Presently, Statistics is defined as the branch of scientific methodology which deals with the
collection, classification, description and interpretation of data obtained through survey or
experiment.
STATISTICS is a scientific body of knowledge that deals with the collection, organization or
presentation, analysis and interpretation of data.
Functions of Statistics
1. To provide investigators means of measuring scientifically the conditions that may be
involved in a given problem and assessing the way in which they are related.
2. To show the laws underlying facts and events that cannot be determined by
individual observations.
3. To show relations of cause and effect that otherwise may remain unknown.
4. To find the trends and behavior in related conditions which otherwise may remain
ambiguous.
For example, we may describe a collection of persons by stating how many are poor and how
many are rich, how many are literate and how many are illiterate, how many fall into various
categories of age, height, civil status, IQ, and many more. We may also describe a particular
barangay in terms of the number of families it has, the number of grade-schoolers, the
number of professionals, the number of households with certain kinds of appliances, the
number of siblings in each household, or the rate of unemployment.
Suppose we want to know the most favorite brand of toothpaste of a certain barangay and
we do not have enough time and money to interview all the residents of that barangay, we
may just ask selected residents. With the data obtained from the interviews, we shall draw
or make conclusions as to barangay’s favorite brand of toothpaste. This example involves
the use of inferential statistics.
TERMINOLOGIES IN STATISTICS
Some important terms are commonly used in the study of Statistics. These terms should be
understood fully in order to facilitate the study of statistics.
1. Population refers to a large collection of objects, places or things. To illustrate this,
suppose a researcher wants to determine the average income of the residents of a
certain barangay and there are 1500 residents in the barangay. Then all of these
residents comprise the population. A population is usually denoted or represented
by N. Hence, this case, N = 1500.
2. Sample is a small portion or part of a population. It could also be define as a sub-
group, subset, or representative of a population. For instance, suppose the above-
mentioned researcher does not have enough time and money to conduct the study
using the whole population and he wants to use only 200 residents. These 200
residents comprise the sample. A sample is usually denoted by n, thus n = 200.

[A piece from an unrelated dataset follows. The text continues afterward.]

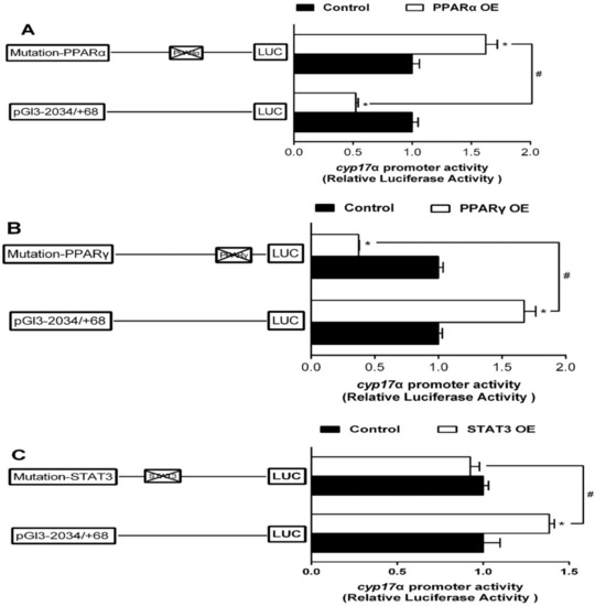 Assays of cyp17α promoter activities of mutagenesis on predicted PPARα, PPARγ, and STAT3 binding sites at 24 h. (A) Site mutagenesis of PPARα on −2034/+68 cyp17α promoter; (B) Site mutagenesis of PPARγ on −2034/+68 cyp17α promoter; (C) Site mutagenesis of STAT3 on −2034/+68 cyp17α promoter. Values are presented as mean ± SEM (n = 3 independent biological experiments). Asterisk (*) indicates significant differences between PPARα, PPARγ, and STAT3 overexpression and the control (p < 0.05). Hash symbol (#) indicates significant differences between two 5′ unidirectional deletion plasmids under the same treatment (p < 0.05).

3. Parameter is any numerical or nominal characteristics of a population. It is a value
or measurement obtained from a population. It is usually referred to as the true or
actual value. If in the preceding illustration, the researcher uses the whole population
(N=1500), then the average income obtained is called a parameter.

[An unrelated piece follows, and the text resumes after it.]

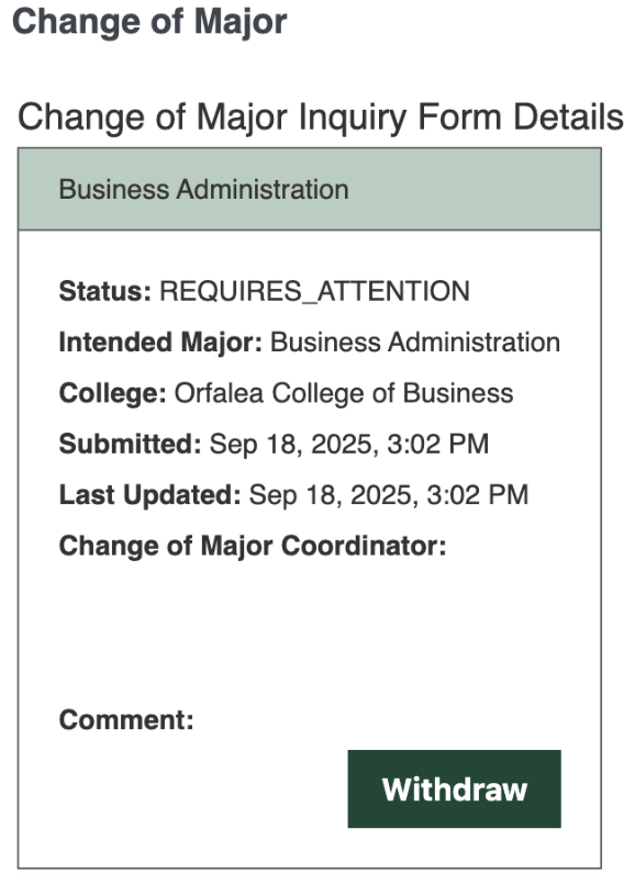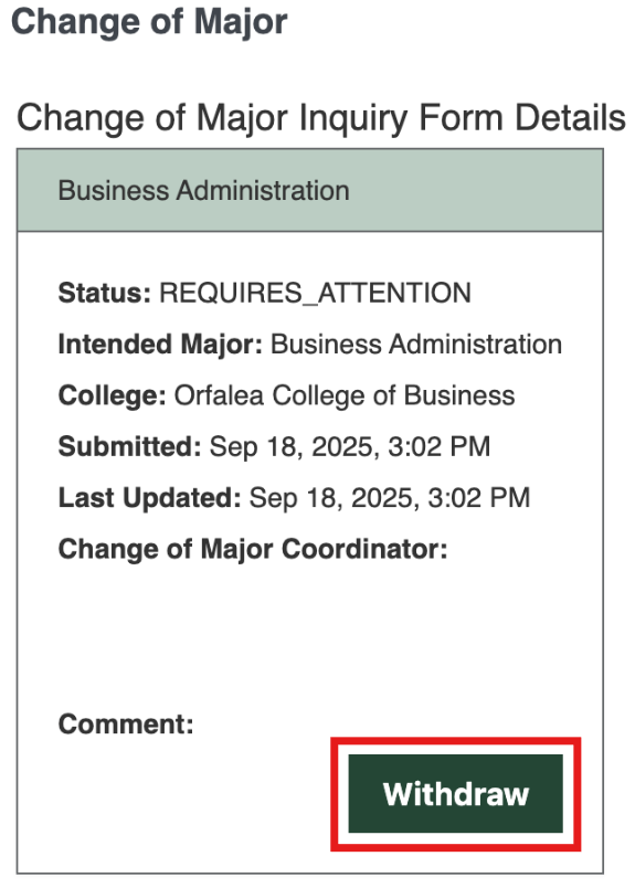 Click the “Withdraw” button under the Change of Major Inquiry Form Details portlet.

4. Statistic is an estimate of a parameter. It is a value or measurement obtained from
the sample. If the researcher in the preceding illustration makes use of the sample
(n=200), then the average income obtained is called statistic.
5. Data –(singular form is datum) are facts, or a set of information or observation
under study. More specifically, data are gathered by the researcher from a population
or from a sample. Data may be classified into two categories, qualitative or
quantitative
a. Qualitative data are data which can assume values that manifest the concepts of
attributes. These are sometimes called categorical data. Data falling in this
category cannot be subjected to meaningful arithmetic. They cannot be added,
subtracted or divided. Gender and nationality are qualitative data.

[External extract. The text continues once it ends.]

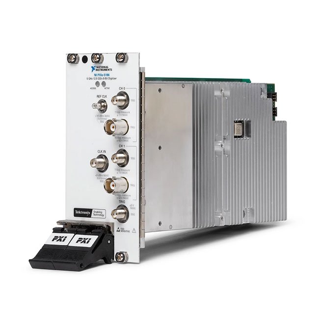 The PXIe‑5186 high-speed PXI oscilloscope has two channels with flexible settings for coupling, voltage range, and filtering. PXI oscilloscopes also feature a number of triggering modes, deep onboard memory, and an instrument driver that includes data streaming and analysis functions. This device is ideal for applications with fast signals that require up to 5 GHz of analog bandwidth and flexible measurement configurations. The PXIe‑5186 also features PXI synchronization and data streaming capabilities.

b. Quantitative Data are data which are numerical in nature. These are data
obtained from counting or measuring. In addition, meaningful arithmetic
operations can be done with this type of data. Test scores and height are
quantitative data.
6. A Variable is a characteristic or property of a population or sample which makes the
members different from each other. If a class consists of boys and girls, then gender
is a variable in this class. Height is also a variable because different people have
different heights. Variables may be classified on the basis of whether they are discrete
or continuous and whether they are dependent or independent.
a. Discrete Variable
A discrete variable is one that can assume a finite number of values. In other
words, it can assume specific values only. The values of a discrete variable are
obtained through the process of counting. The number of students in a class
is a discrete variable. If there are 40 students in a class, it cannot reported that
there are 40.2 students or 40.5 students, because it is impossible for a
fractional part of a student to be in the class.
b. Continuous Variable
A continuous variable is one that can assume infinite values within a specified
interval. The values of a continuous variable are obtained through measuring.
Height is a continuous variable. If one reports that the height of a building is 15
m, it is also possible that another person reports that the height of the same
building is 15.1m or 15.12m, depending on the precision of the measuring device
used. In other words, height of the building can assume several values.
c. Dependent Variable
A dependent variable is a variable which is affected or influenced by another
variable.
d. Independent Variable
An independent Variable is one in which affects or influences the dependent
variable. To illustrate Independent and dependent variables, consider the
problem entitled, The Effect of Computer-Assisted Instruction on the
Students’ Achievement in Mathematics. Here the independent variable is the
computer-assisted instruction while the dependent variable is the achievement of
students in mathematics.
7. Constant refers to the fundamental quantities that do not change in value, fixed costs
and acceleration due to gravity are examples of such.
SCALES OF MEASUREMENT
1. Nominal Scale- This is the most primitive level of measurement. The nominal
level of measurement used when we want to distinguish one object from another
for identification purposes. In this level, we can only say that one object is
different from another, but the amount of difference between them cannot be
determined. We cannot tell that one is better or worse than the other. Gender,
nationality and civil status are of nominal scale.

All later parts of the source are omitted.